You become invisible except to others who are going through similar metamorphoses. You're strolling (with a mask, naturally) and you pass another silver-haired woman who is working on her lawn, raking, also wearing a mask. She's seemingly robust, and you silently nod to one another, acknowledging that the two of you could have been in high school together suggesting to the teacher that you would rather read anything by Jack Kerouac and Samuel Beckett than Silas Marner,* and now you're both thinking that the vision of getting the stinking virus is like looking death in the eye. You want to talk to her about that and ask, So how's it working for you, worrying about an early demise. But you nod and stroll on.
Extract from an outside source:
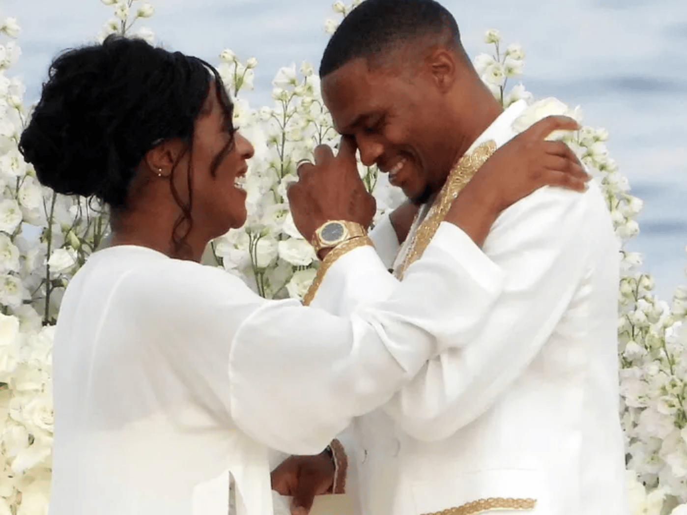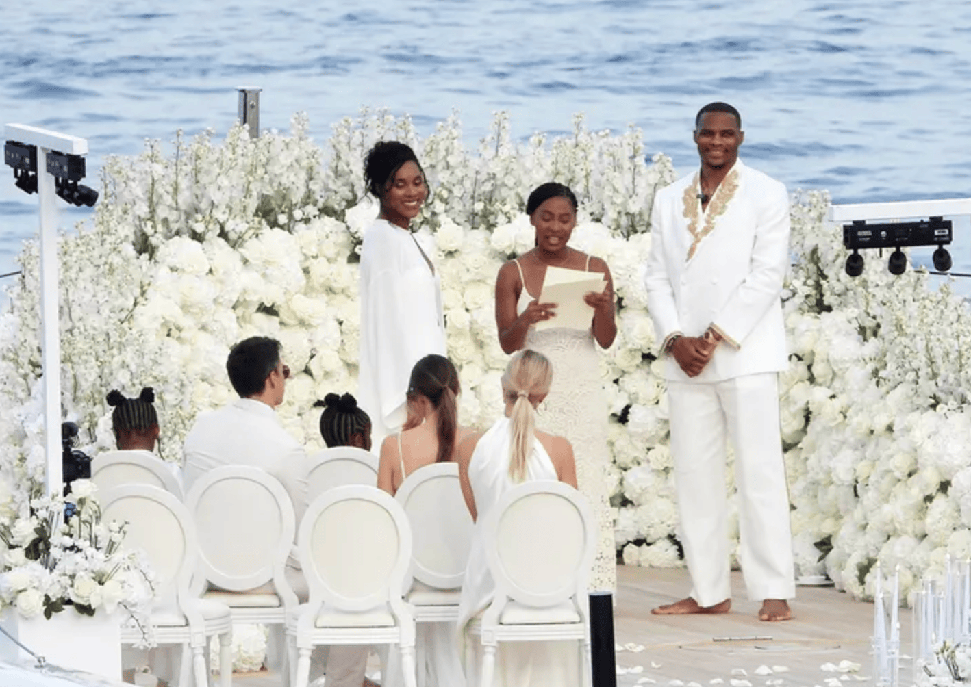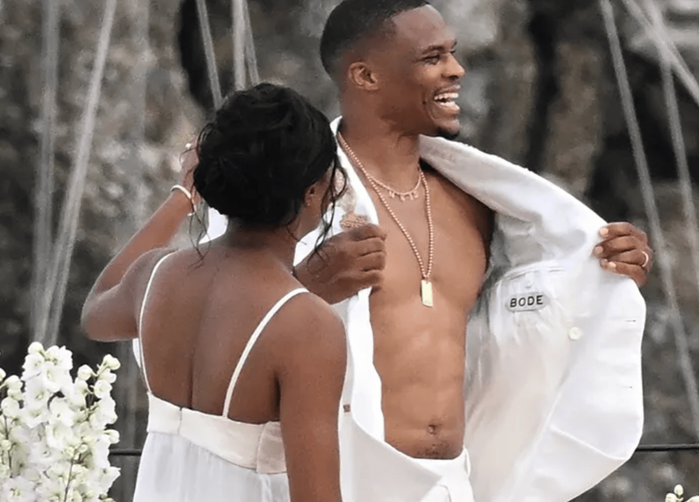 TMZ表示,威少和妮娜为这次活动都穿上了华丽的白色礼服,妮娜还戴着一枚钻戒。他们的一些亲密朋友和家人也都在场,同时还有一些弦乐音乐家。仪式现场有大量的花朵和水景成为他们倾诉心声的完美背景,整个场景宛如童话,现场威少还动情地留下了泪水。

So yes, there's a lot to talk about. I feel like I could be back. I'm in a good mood, hoping for a vaccination, hoping to see people in real time, real space in a couple of months, maybe get on a plane. But even working on Zoom, there's much to talk about-- like how great it is to stand up while I'm working, stretch, balance on a balance board. You can't do that when you work in an office and a patient is sitting on the sofa across from you.

The Zoom blogging material is here. Like the patient who never stops telling me how she likes a blouse from decades ago, or how I look today or my haircut (naturally, my hair). The patient is a heterosexual female, not objectifying me in that way, but it bothers me. I've mentioned it to her but she can't help it. It's like people who always say that they are sorry when there's nothing to be sorry about, a hard habit to break. We could talk about that, that even the nicest people in the world can upset a therapist who gets impatient and has to call another therapist and vent. What the heck? But the patient has no idea that my sideline is sexual harassment prevention and objectification is a trigger.

Hey, FBI, we good?

therapydoc

*I'm ordering a copy from the library right now.